Turning now to our second point of concern, under this new process councils will become responsible for approvals for planning permission, with the Minister for Planning as the referral authority. Councils will have to assess the environmental hazards, the health risks and a complex range of long- and short-term impacts. Basically, they need to assess both the direct and indirect impacts on community, environment and business. They are to do this without a work plan and have to rely on an applicant’s self-assessed risk plan. They are to do this without technical, geological or environmental expertise and resources – something that is essential to properly assess mining applications. Now, this is just a little bit bizarre. If we are to believe what we have heard of proposed changes to the building planning framework, this government does not trust local councils to approve the building of a block of flats, but apparently it considers them competent enough to approve extraordinarily complex mining projects. I mean, the mind boggles at this inconsistency.

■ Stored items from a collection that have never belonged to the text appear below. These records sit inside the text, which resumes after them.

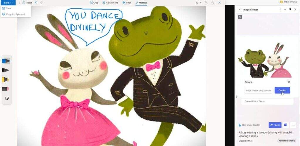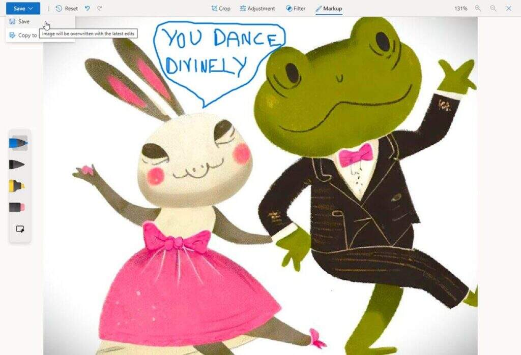 要保存修改后的图像,点击大图左上方的保存按钮,选择保存。默认情况下,图像被保存到你的下载文件夹,但你可以将其保存在其他地方。从这个菜单中,你也可以把图像复制到你的剪贴板上。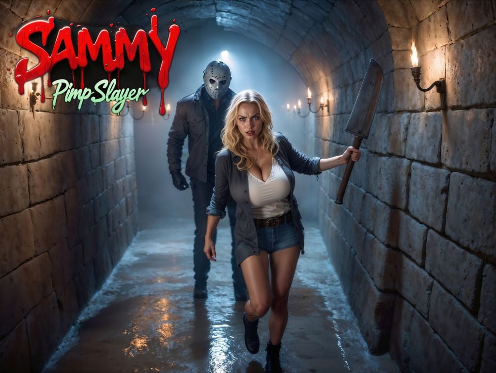 Deep beneath the surface, in torch-lit tunnels where secrets rot and killers stalk, Sammy walks into the nightmare armed with nothing but grit, curves, and a machete big enough to silence legends.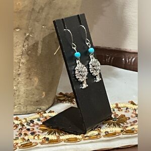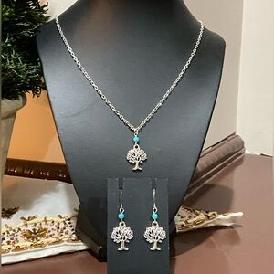 Elegant silver tree pendant necklace and earring set with turquoise accents. Perfect for adding a touch of nature-inspired beauty to any outfit.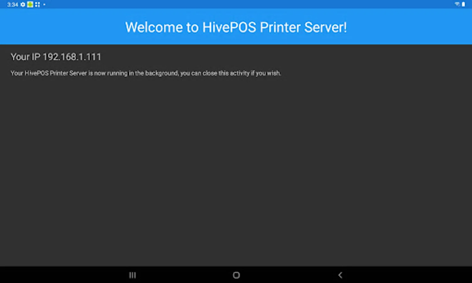 This app is required when running HivePOS on your Android devices to allow printing to your local printers.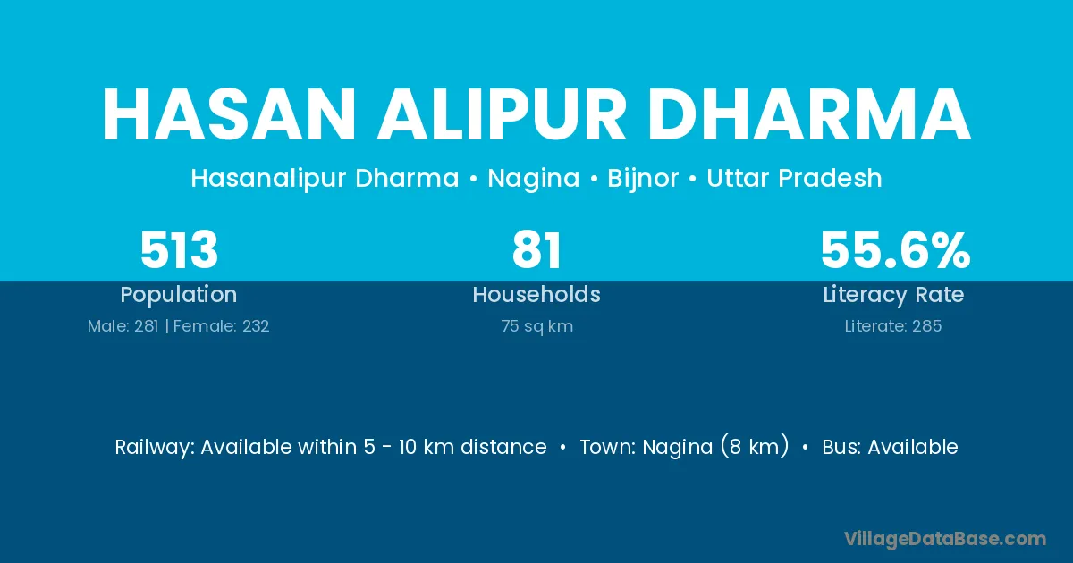 Hasan Alipur Dharma village has a total population of 513 people, of which 281 are males and 232 are females.

Further compounding these concerns is the requirement for councils to provide ongoing monitoring to enforce compliance with the new duty in the scheme for an unwritten but not legally binding code of compliance. Let us remember that we will have rate-capped councils doing this. One must ask: with what money and with what highly skilled technical human resources will they be doing this? There is a real concern that these changes could burden councils and inadvertently lead to less due diligence and less evidence-based decisions. It is then even more perplexing that the government has said that these reforms will not significantly change the role of councils in respect of mining and extractive industries. We understand that assurances have been provided by the government to the opposition proposing a comprehensive period of consultation, including with local government, but we have not sighted that, so please forgive me if I do not feel particularly reassured.

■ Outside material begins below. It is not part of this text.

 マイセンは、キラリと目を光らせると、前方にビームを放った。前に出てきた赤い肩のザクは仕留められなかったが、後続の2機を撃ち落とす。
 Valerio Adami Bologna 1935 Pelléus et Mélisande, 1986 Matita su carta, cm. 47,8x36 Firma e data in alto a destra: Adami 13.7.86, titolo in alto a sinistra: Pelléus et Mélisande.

The government also said that the Earth Resources Regulator will continue to be a lead regulator for the industry, although how this relationship with councils will operate in the future remains entirely unclear. Mr McGowan rightly referred to the importance of rehabilitation plans as part of the mining process, but we know from previous Victorian Auditor-General reports reporting specifically on the question of rehabilitating mines that historically this regulator has repeatedly failed in its role to ensure that land is progressively rehabilitated and returned to premining or better conditions. The government has foreshadowed further changes to the Victorian planning provisions, local planning schemes and related documents to clarify the process for this decision-making, which will be subject to community consultation. We welcome this community consultation, but the gap we see in this bill between legislation and regulation appears to be a mountainous one.

I concur with Mr McGowan: we have also been inundated with calls for further community consultation on both regulation and implementation, and we would like to see the government listen to those calls. I would say these are not your classic short-form bulk emails. These are really well thought through and considered letters from primarily rural and regional constituents.

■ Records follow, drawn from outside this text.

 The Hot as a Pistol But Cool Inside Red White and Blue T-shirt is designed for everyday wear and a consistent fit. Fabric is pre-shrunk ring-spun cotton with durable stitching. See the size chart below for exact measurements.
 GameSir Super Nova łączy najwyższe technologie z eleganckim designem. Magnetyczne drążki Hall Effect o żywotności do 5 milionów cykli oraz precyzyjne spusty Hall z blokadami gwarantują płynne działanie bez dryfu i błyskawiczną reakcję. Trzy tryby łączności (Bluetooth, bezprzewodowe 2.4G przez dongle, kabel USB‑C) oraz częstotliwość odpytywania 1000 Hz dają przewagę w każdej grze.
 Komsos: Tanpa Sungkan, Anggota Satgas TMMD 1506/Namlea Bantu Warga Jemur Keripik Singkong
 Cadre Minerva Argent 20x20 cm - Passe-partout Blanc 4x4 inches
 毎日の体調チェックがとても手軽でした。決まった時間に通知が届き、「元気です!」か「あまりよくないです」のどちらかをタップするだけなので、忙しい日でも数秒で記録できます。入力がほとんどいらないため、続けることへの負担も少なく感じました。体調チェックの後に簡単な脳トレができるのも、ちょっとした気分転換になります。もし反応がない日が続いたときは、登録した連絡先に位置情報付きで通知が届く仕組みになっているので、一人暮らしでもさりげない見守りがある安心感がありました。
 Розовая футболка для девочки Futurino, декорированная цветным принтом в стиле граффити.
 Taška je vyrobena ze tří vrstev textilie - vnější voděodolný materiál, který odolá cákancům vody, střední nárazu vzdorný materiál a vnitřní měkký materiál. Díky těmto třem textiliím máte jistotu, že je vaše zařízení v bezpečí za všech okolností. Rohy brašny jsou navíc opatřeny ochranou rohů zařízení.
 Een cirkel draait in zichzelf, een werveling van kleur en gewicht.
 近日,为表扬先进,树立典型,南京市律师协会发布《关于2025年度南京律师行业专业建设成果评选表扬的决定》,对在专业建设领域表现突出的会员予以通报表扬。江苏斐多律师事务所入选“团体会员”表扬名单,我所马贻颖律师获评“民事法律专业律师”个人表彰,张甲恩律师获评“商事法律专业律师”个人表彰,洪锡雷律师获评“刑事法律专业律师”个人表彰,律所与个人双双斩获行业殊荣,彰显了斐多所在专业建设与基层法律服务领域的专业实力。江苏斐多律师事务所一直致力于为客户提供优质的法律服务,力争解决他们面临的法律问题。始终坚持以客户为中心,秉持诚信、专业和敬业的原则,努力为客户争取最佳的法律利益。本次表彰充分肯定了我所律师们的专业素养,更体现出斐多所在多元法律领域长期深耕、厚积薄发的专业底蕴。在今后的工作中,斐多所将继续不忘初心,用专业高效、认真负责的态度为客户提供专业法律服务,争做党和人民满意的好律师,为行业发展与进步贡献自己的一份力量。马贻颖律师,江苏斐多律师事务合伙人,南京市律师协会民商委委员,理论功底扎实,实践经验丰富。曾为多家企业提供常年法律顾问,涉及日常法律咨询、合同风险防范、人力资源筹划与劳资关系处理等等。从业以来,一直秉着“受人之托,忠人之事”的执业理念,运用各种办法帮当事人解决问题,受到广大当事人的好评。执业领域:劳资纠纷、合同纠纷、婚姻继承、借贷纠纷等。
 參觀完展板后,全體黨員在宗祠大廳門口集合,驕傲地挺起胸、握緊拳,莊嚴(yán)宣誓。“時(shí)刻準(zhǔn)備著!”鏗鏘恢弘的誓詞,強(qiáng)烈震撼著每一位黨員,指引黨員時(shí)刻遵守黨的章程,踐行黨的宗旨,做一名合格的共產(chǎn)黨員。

We believe that consultation should happen first and then this bill should be brought back to this place. That is why we will not lend our support to this bill at this time. One of Legalise Cannabis Victoria’s pillars is ‘Save our planet’, and this principle is front and centre in our deliberations on this bill. So to this end, we will be supportive of proposed amendments that will encourage greater consultation with local governments, environmental organisations and regional communities likely to be impacted by mining and exploration. Broad consultation, transparency and accountability are important, and we do not want to settle for less.